Problem description:
Pictures excluded, output the lines of the data below between the one holding "Traditional heating systems" and the one holding "ringen wave Goud", inclusive, exactly as they stand.

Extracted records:
————————

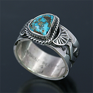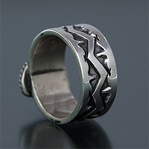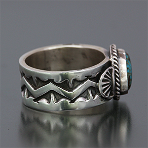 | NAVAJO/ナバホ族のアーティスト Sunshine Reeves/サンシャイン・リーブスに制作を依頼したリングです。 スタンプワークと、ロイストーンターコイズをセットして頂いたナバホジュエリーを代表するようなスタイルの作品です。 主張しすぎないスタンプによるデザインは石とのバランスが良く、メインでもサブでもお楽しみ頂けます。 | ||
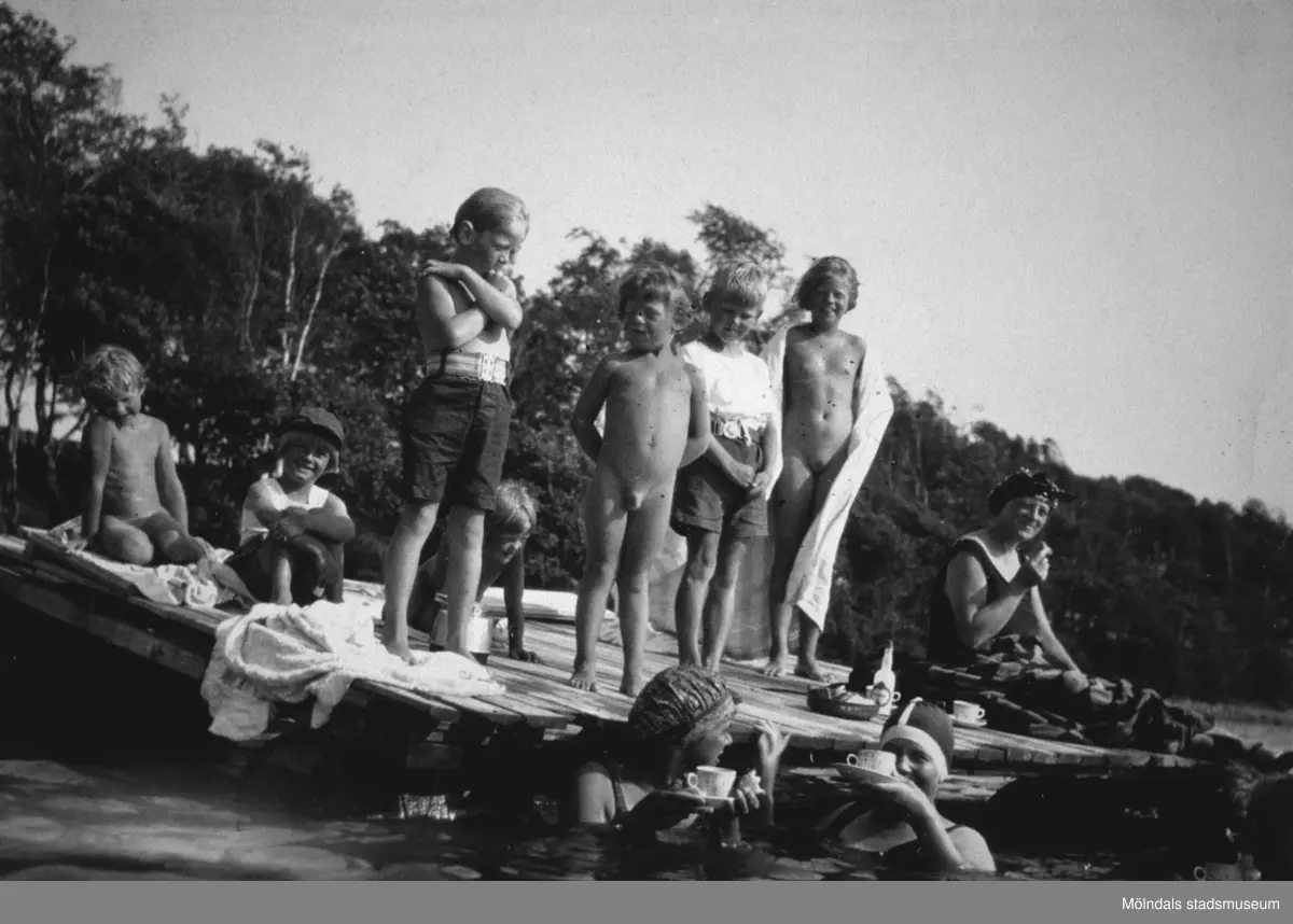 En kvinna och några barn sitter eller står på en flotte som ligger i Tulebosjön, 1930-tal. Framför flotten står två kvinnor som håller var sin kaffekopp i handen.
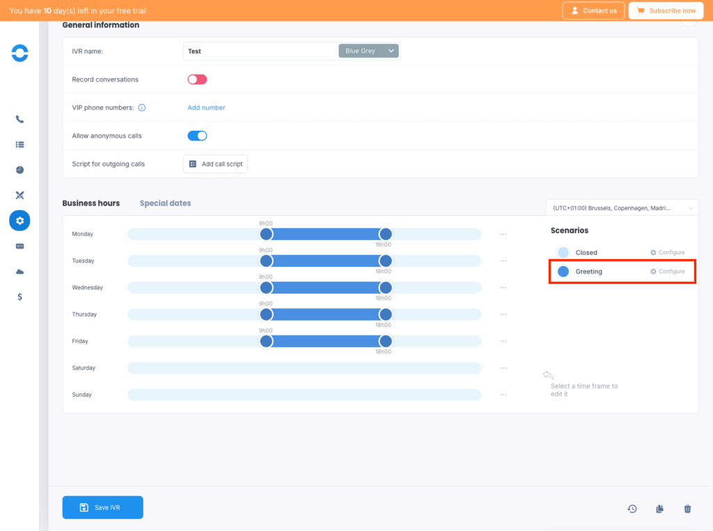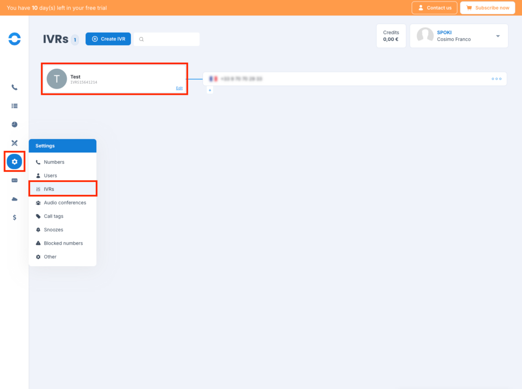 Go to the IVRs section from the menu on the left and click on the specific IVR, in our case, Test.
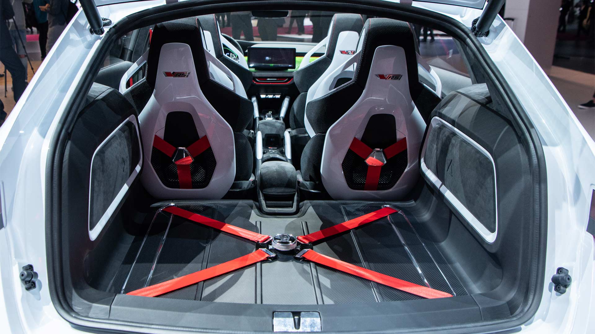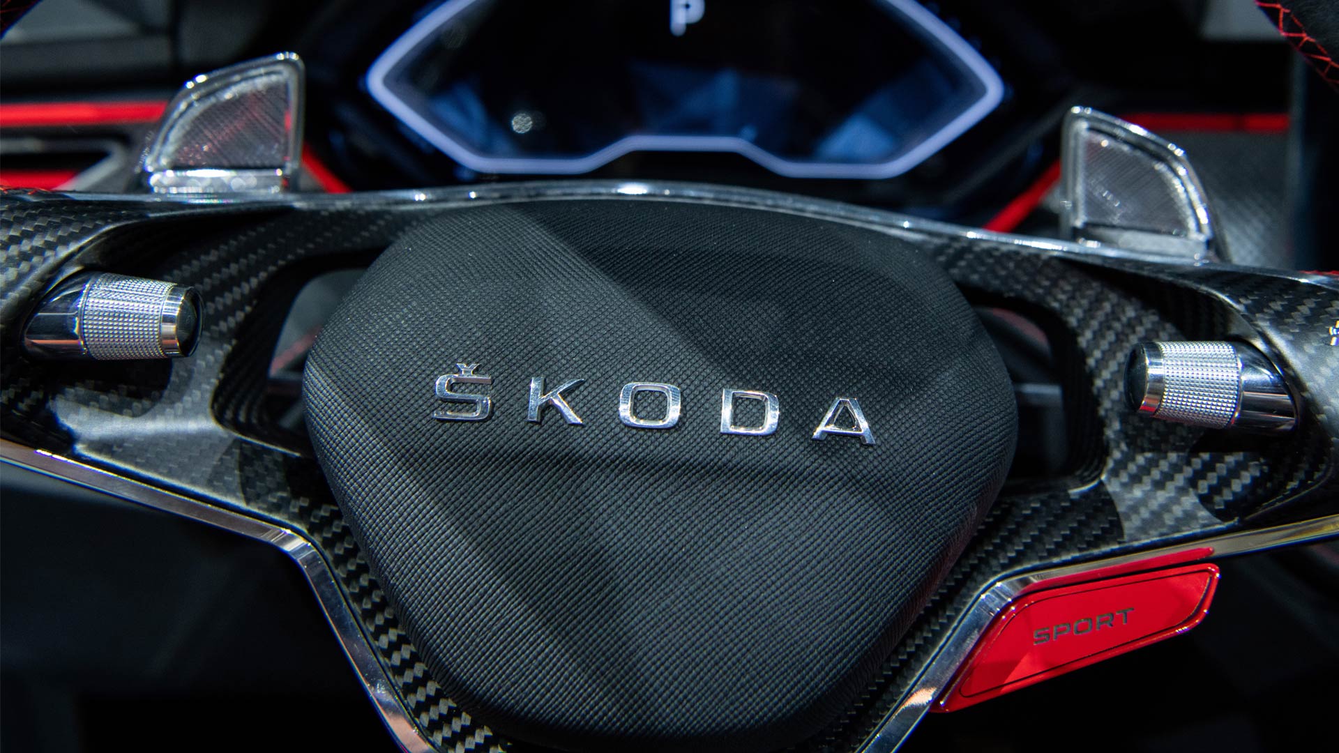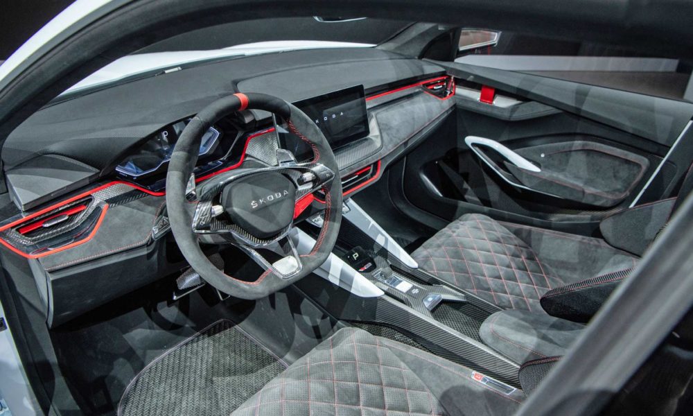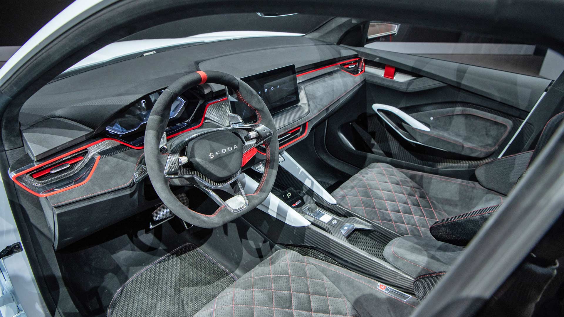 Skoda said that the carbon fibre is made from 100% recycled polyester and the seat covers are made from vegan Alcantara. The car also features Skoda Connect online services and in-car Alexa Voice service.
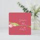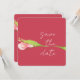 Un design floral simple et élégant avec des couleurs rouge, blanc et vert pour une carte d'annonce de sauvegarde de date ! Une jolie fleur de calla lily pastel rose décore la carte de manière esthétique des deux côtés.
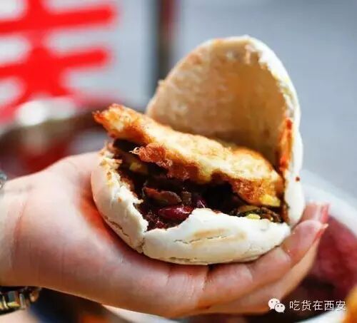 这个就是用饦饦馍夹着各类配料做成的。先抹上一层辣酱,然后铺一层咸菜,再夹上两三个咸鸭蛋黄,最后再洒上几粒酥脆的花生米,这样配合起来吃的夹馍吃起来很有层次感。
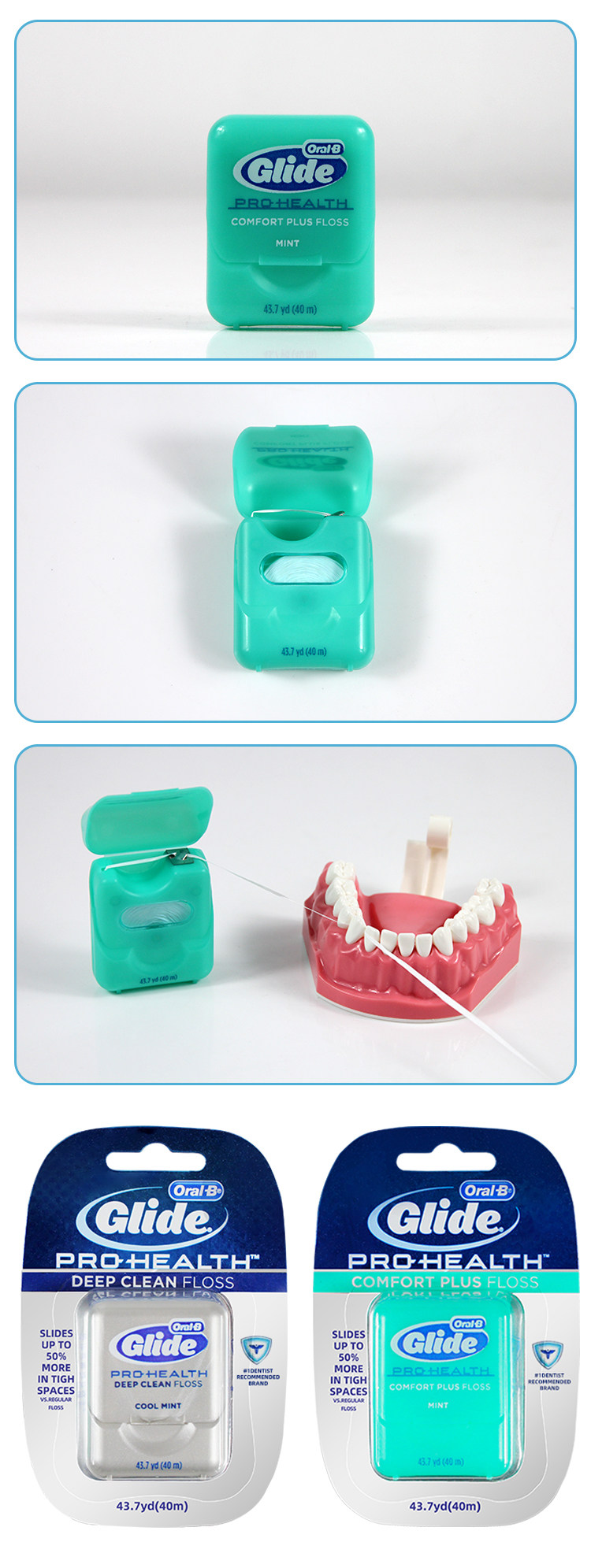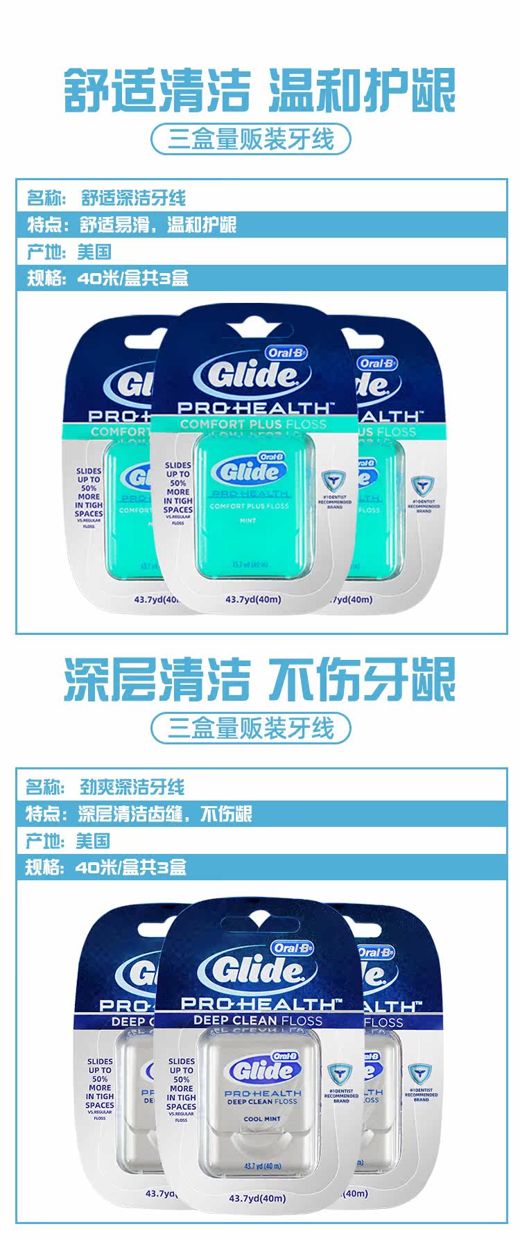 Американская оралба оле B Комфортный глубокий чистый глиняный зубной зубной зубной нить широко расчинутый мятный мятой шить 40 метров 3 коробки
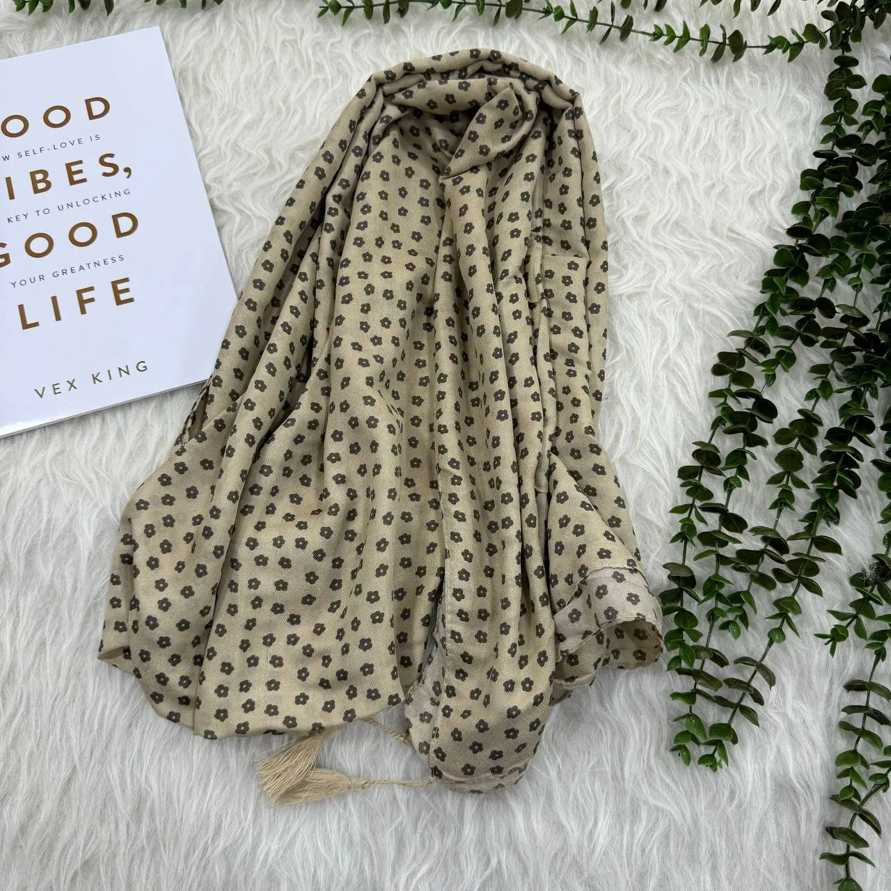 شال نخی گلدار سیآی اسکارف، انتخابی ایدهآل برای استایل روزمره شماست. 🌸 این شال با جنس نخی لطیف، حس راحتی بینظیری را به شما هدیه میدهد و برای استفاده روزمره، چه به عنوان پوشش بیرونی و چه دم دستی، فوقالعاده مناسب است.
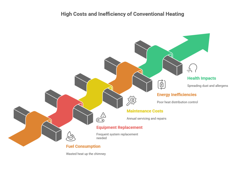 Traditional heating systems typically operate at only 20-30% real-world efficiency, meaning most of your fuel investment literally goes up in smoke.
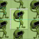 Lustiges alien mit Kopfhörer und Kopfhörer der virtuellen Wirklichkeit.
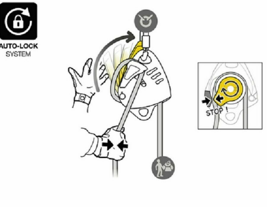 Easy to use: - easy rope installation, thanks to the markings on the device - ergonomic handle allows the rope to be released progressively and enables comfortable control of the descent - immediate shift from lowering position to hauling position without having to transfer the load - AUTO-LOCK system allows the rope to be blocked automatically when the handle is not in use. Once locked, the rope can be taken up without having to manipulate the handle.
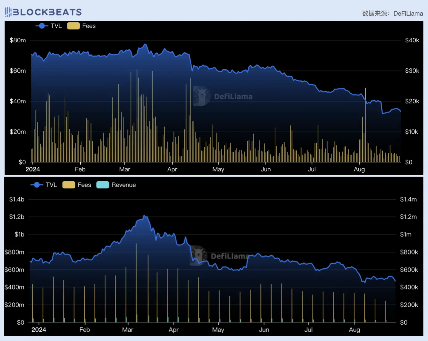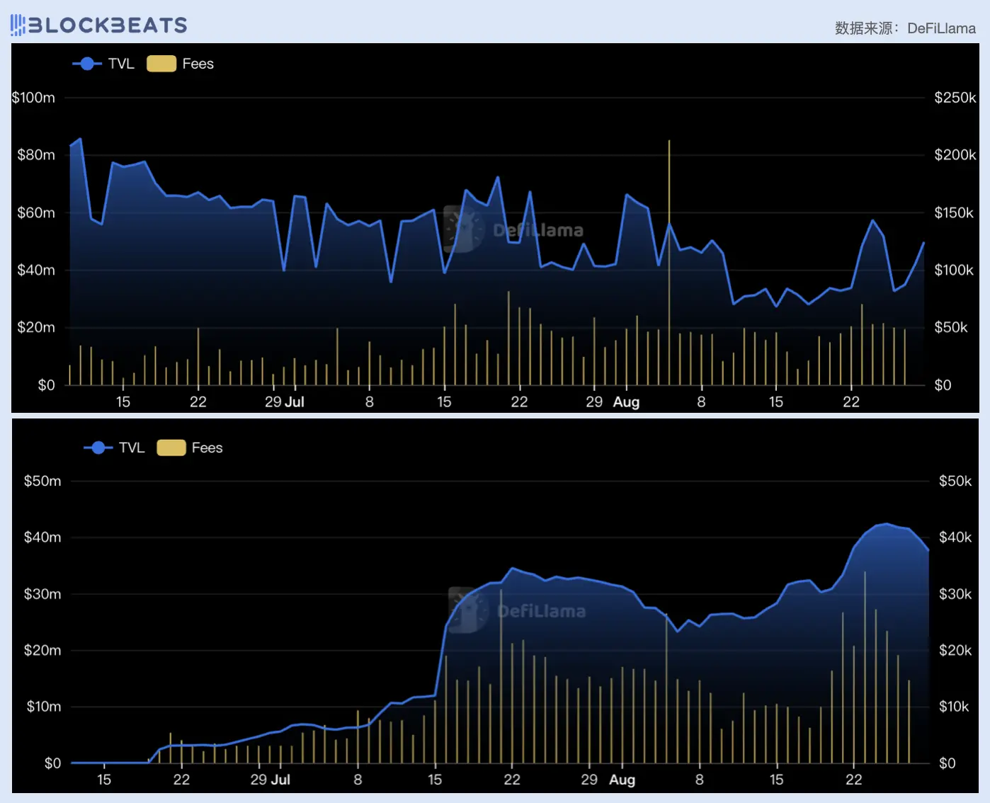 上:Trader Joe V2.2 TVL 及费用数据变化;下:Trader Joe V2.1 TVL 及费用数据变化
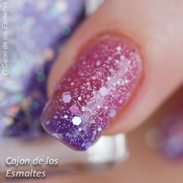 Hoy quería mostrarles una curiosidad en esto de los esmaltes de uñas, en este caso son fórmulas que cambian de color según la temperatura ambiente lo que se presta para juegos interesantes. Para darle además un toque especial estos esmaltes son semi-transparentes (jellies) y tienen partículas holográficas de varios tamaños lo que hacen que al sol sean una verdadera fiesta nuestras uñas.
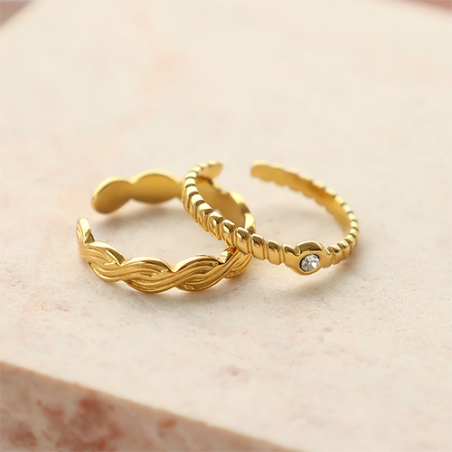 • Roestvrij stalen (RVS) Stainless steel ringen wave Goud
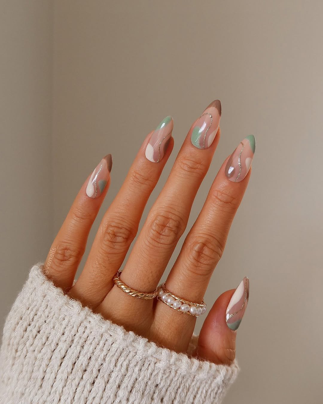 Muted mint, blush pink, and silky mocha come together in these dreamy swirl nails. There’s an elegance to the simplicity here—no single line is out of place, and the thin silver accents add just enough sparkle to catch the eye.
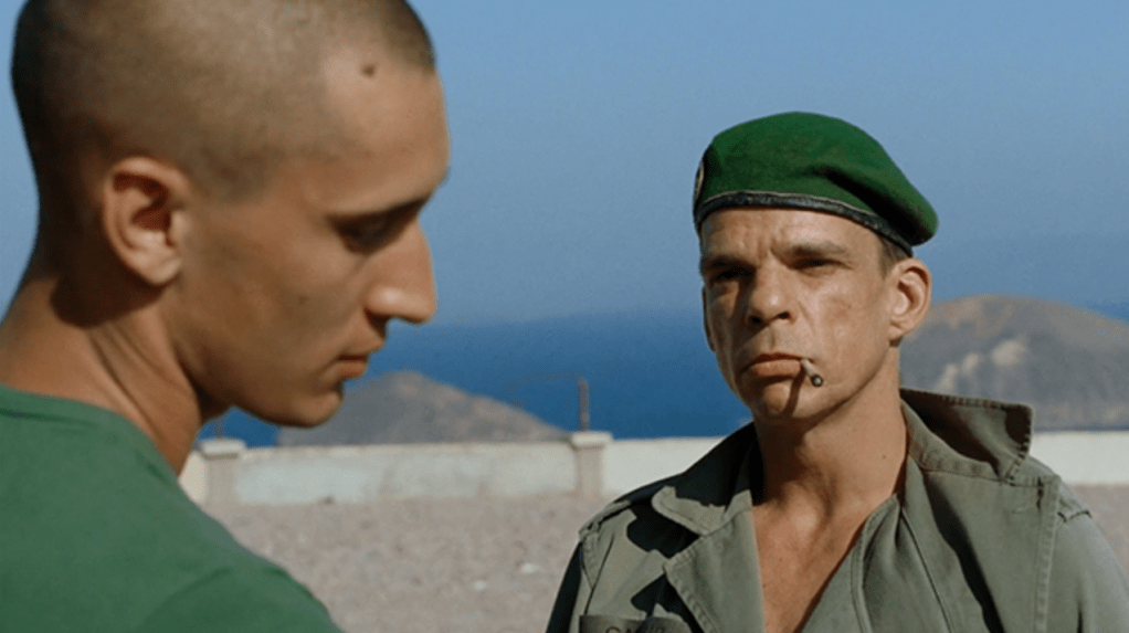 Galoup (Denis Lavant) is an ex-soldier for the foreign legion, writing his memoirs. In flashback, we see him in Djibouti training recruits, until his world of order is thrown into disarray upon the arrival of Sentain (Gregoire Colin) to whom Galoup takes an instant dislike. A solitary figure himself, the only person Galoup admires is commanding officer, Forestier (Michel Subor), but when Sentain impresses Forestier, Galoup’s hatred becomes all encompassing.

————————

Solution:
 Traditional heating systems typically operate at only 20-30% real-world efficiency, meaning most of your fuel investment literally goes up in smoke.
 Lustiges alien mit Kopfhörer und Kopfhörer der virtuellen Wirklichkeit.
 Easy to use: - easy rope installation, thanks to the markings on the device - ergonomic handle allows the rope to be released progressively and enables comfortable control of the descent - immediate shift from lowering position to hauling position without having to transfer the load - AUTO-LOCK system allows the rope to be blocked automatically when the handle is not in use. Once locked, the rope can be taken up without having to manipulate the handle.
 上:Trader Joe V2.2 TVL 及费用数据变化;下:Trader Joe V2.1 TVL 及费用数据变化
 Hoy quería mostrarles una curiosidad en esto de los esmaltes de uñas, en este caso son fórmulas que cambian de color según la temperatura ambiente lo que se presta para juegos interesantes. Para darle además un toque especial estos esmaltes son semi-transparentes (jellies) y tienen partículas holográficas de varios tamaños lo que hacen que al sol sean una verdadera fiesta nuestras uñas.
 • Roestvrij stalen (RVS) Stainless steel ringen wave Goud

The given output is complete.